Washington Mutual said the weakening housing market and disruptions in the secondary market will result in a 75% drop in quarterly net income.
This is, again, was a foregone conclusion to those who read this post from last month. In reality, this marks the 5th straight quarter that WaMu's mortgage division has generated a loss. It is just that this time the lost was so significant that it dragged the entire company into a quarterly loss. This trend is very strong now, with defaults in mortgages trending upward, not downward. Of course, WaMu is trading higher after this news because some traders actually believe that this is over. It will be over when WaMu's ill-underwritten loans from the boom disappear from its books. Until then...
Needless to say, this is a contagion that affects all banks that right mortgages for resale, and will eventually put even more pressure on the housing industry.
This graph is from Moody's report, "Subprime Mortgage Market Update: September 2007". It confirms what I surmised from the beginning. The defaults are not necessarily a result of subprime or Alt-A loans, but more so a result of hasty underwriting derived from the fact that the banks weren't lending for their balance sheets, but were lending to sell of the debt to the public/private markets. In other words, using other people's money (OPM). Excerpted from the report:
"The data show that, as we have noted in previous communications, loan performance for the 2006 subprime vintage seems to be driven primarily by the proportions of stated documentation loans and high CLTV loans backing the transactions as well as the proportion of loans that combine (or "layer") these risk characteristics. (Stated documentation loans are those loans for which the borrower's income and assets are not verified by documentation during the loan approval process and therefore are more likely to be overstated.) Interestingly, FICO scores and LTV ratios do not vary significantly between the strongest and weakest performing transactions and on average transaction performance does not appear to have been influenced by these characteristics."
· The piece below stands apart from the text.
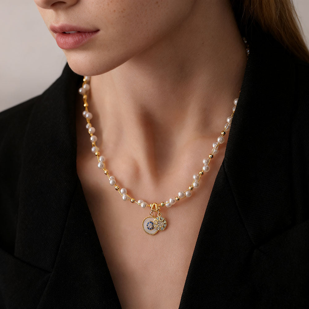 The radiant Aurora Pearl catches the light with soft iridescent hues, giving your neckline a subtle glow that suits both everyday wear and special moments.
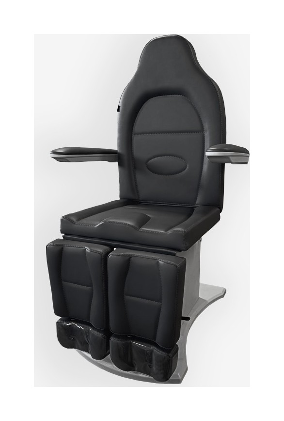 Педикюрное кресло оснащено двумя электромоторами, обеспечивающими регулировку высоты и угла наклона сиденья. Опоры для ног фиксируются при помощи газ-лифтов. Кресло легко раскладывается в горизонтальное положение, образуя ровную поверхность. Надежная конструкция системы подъема обеспечивает высокую устойчивость кресла даже при максимальной высоте. Управляется при помощи ручного проводного пульта. Дополнительно при производстве могут быть установлены различные опции.

Wamu pushed their teaser rate ARMS hard during 05 and 06 here in northern California,and these were largely portfolio loans...the underwriting was laughable but better than World Savings.The folks at World told me it was OK they had these Appraisal thingies that showed their borrowers paying market price.at the peak.at 12x their annual income.but hey they didn't qualify folks at the 1% teaser rate like Wamu did for a few months.Always nice to deal with educated financial professionals,it's like,you know, reassuring.Except when they are insane.
Posted by: tom stone | October 05, 2007 at 10:14 PM
Check out the posts on the 6th of October showing the rate of REOs for CFC and other lenders. The banks are getting REOs faster than homebuilders are selling homes.